WORK ORDER
Copy nothing past the line containing "ゲスト全員のキャンドルに炎が". Transcribe every line of the listing below up to and including it, from the first, except pictures.

---------- DATASET CONTENT ----------

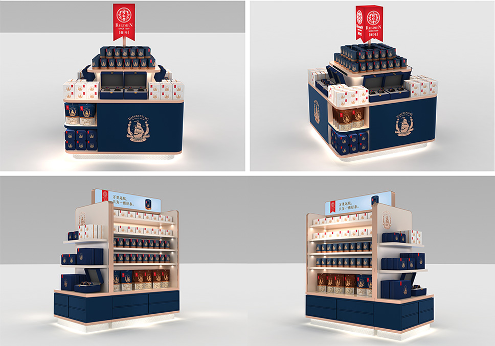 李華清以突出的文化視覺語言表現(xiàn)為同仁堂養(yǎng)生專柜終端賦能。以產(chǎn)品文化基因,”皇后號帆船“外部形態(tài)為設(shè)計(jì)靈感,沿用品牌標(biāo)識的色彩定位,體現(xiàn)皇后號滿載道地優(yōu)質(zhì)西洋參萬里遠(yuǎn)航而來的視覺形象。配合燈光系統(tǒng)、配色方案、材料運(yùn)用、產(chǎn)品產(chǎn)列等方面內(nèi)容,使西洋參市場終端營銷型展臺能在線下銷售端達(dá)到終端聚焦戰(zhàn)略效果,塑造出強(qiáng)大的形象識別力,建立起品類的絕對區(qū)隔與識別。
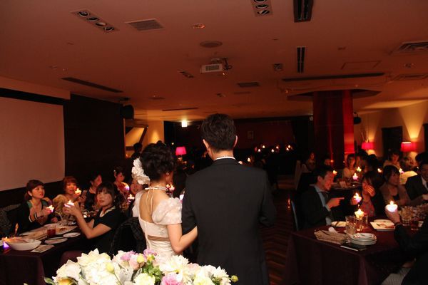 ゲスト全員のキャンドルに炎が灯り、先ほどまでのにぎやかさが嘘のように静かになった会場は幻想的な雰囲気になります。
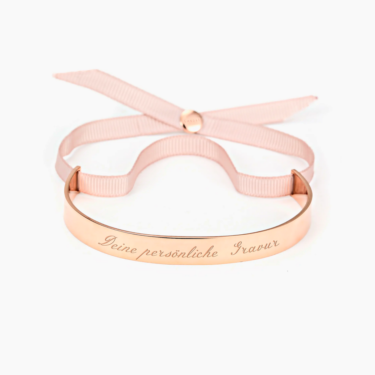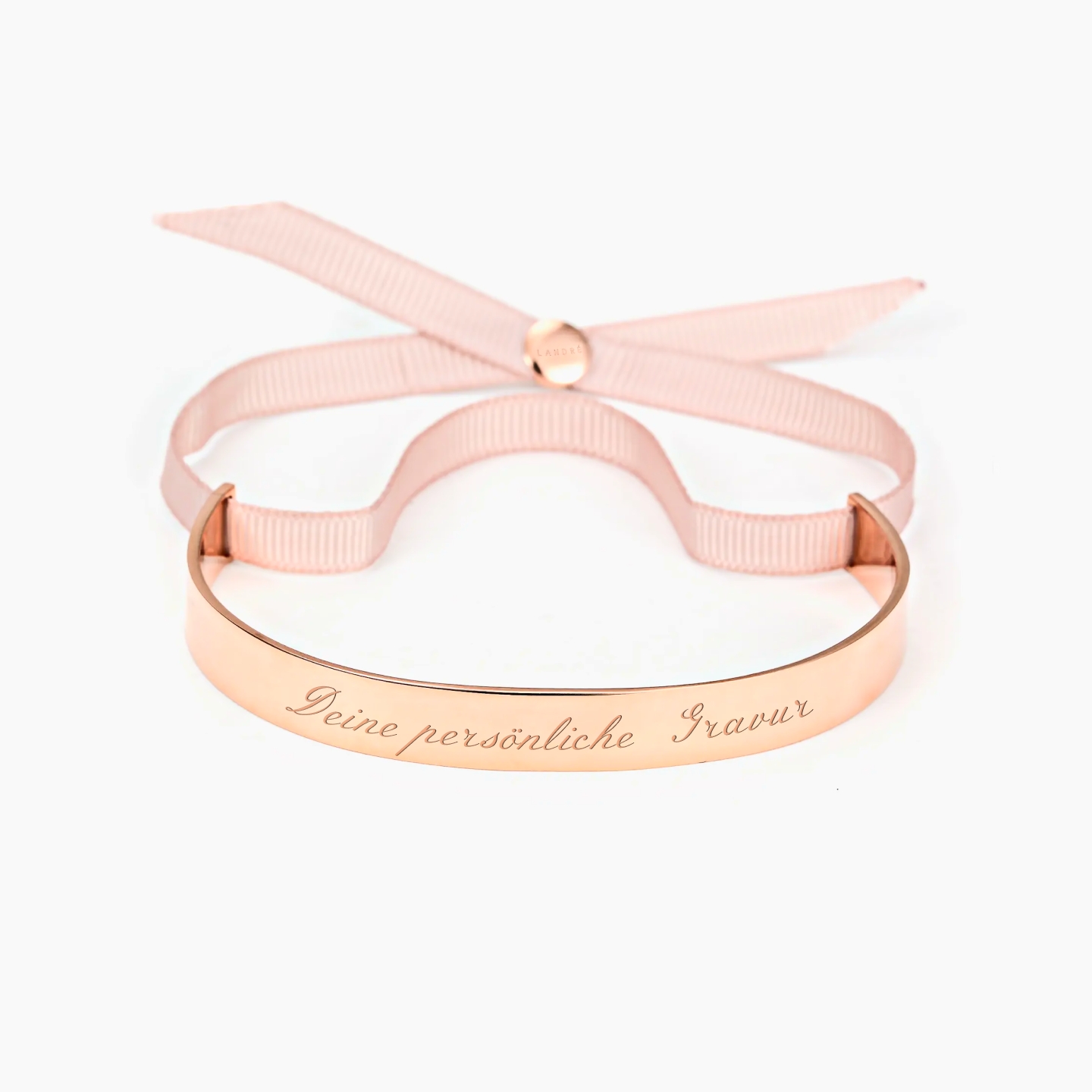 Hochwertiger Edelstahl, 18-karätiger Vergoldung; feines Satinband
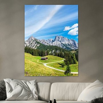 Blick auf die Litzlalm mit Hütte in Österreich von Rico Ködder
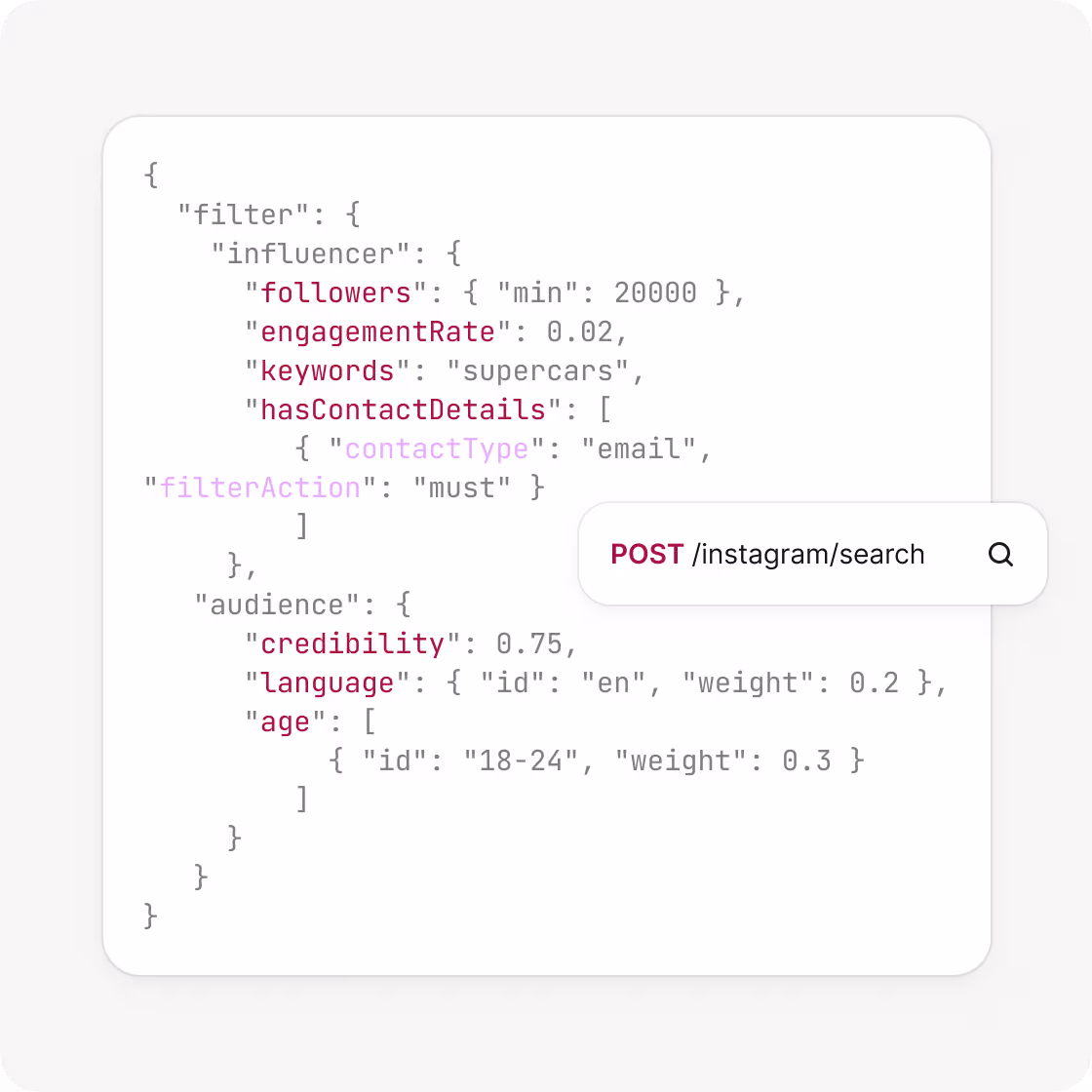 Use Modash API as the engine for your influencer platform. Offer your customers powerful influencer search with AI, analytics, and campaign management tools.
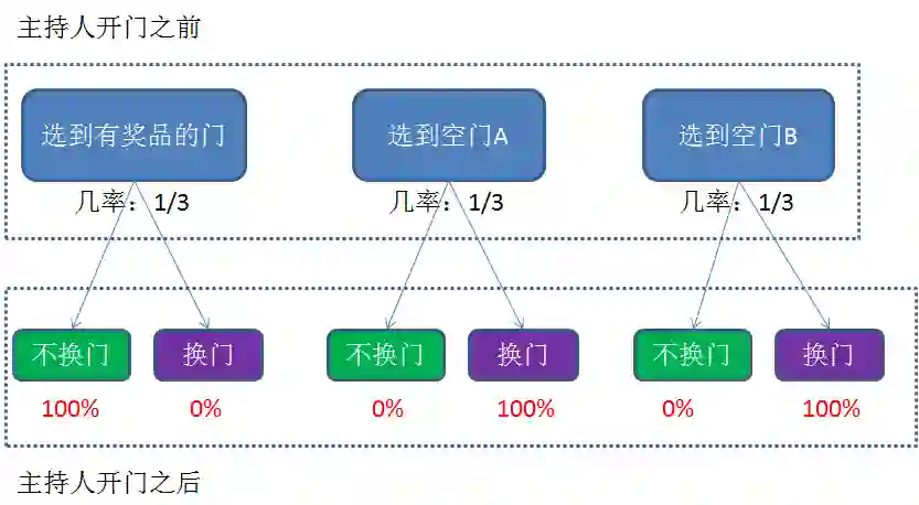 此时,换门也包括两种换法,但无论怎样选择,获奖率都各占1/3:
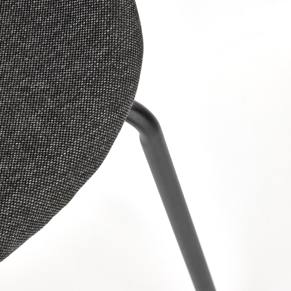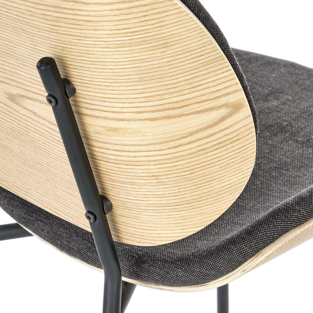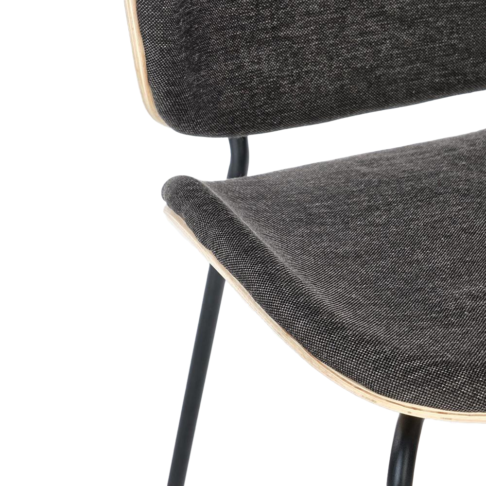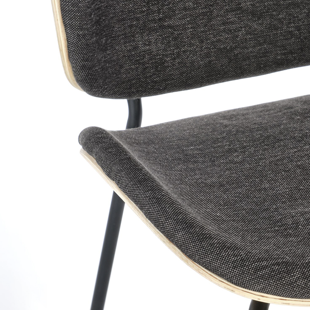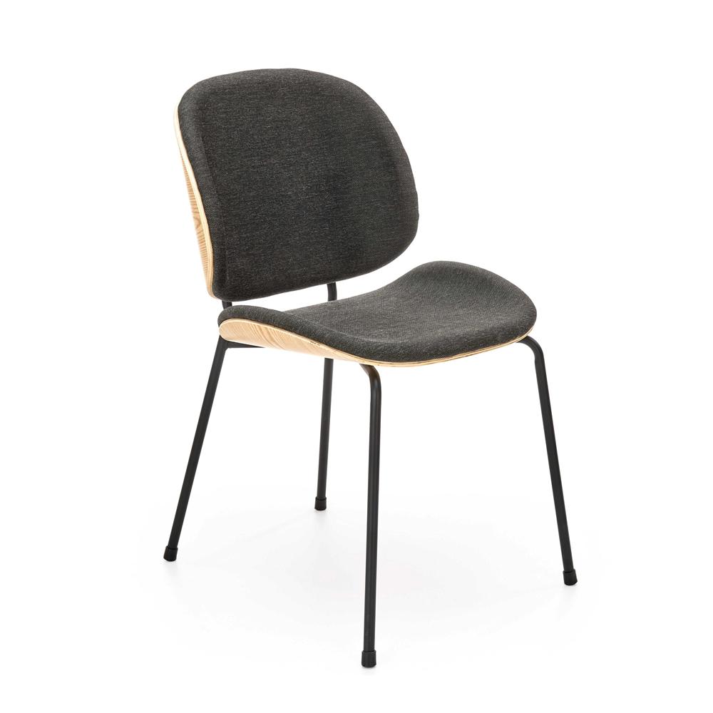 Jídelní židle s čalouněným sedákem i opěrkou, tvarovanou překližkou a kovovými nohami v tmavě šedé nebo černé barvě. Dodáváno v demontu, pouze do vyprodání zásob.

----------

WRITTEN SOLUTION
 李華清以突出的文化視覺語言表現(xiàn)為同仁堂養(yǎng)生專柜終端賦能。以產(chǎn)品文化基因,”皇后號帆船“外部形態(tài)為設(shè)計(jì)靈感,沿用品牌標(biāo)識的色彩定位,體現(xiàn)皇后號滿載道地優(yōu)質(zhì)西洋參萬里遠(yuǎn)航而來的視覺形象。配合燈光系統(tǒng)、配色方案、材料運(yùn)用、產(chǎn)品產(chǎn)列等方面內(nèi)容,使西洋參市場終端營銷型展臺能在線下銷售端達(dá)到終端聚焦戰(zhàn)略效果,塑造出強(qiáng)大的形象識別力,建立起品類的絕對區(qū)隔與識別。
 ゲスト全員のキャンドルに炎が灯り、先ほどまでのにぎやかさが嘘のように静かになった会場は幻想的な雰囲気になります。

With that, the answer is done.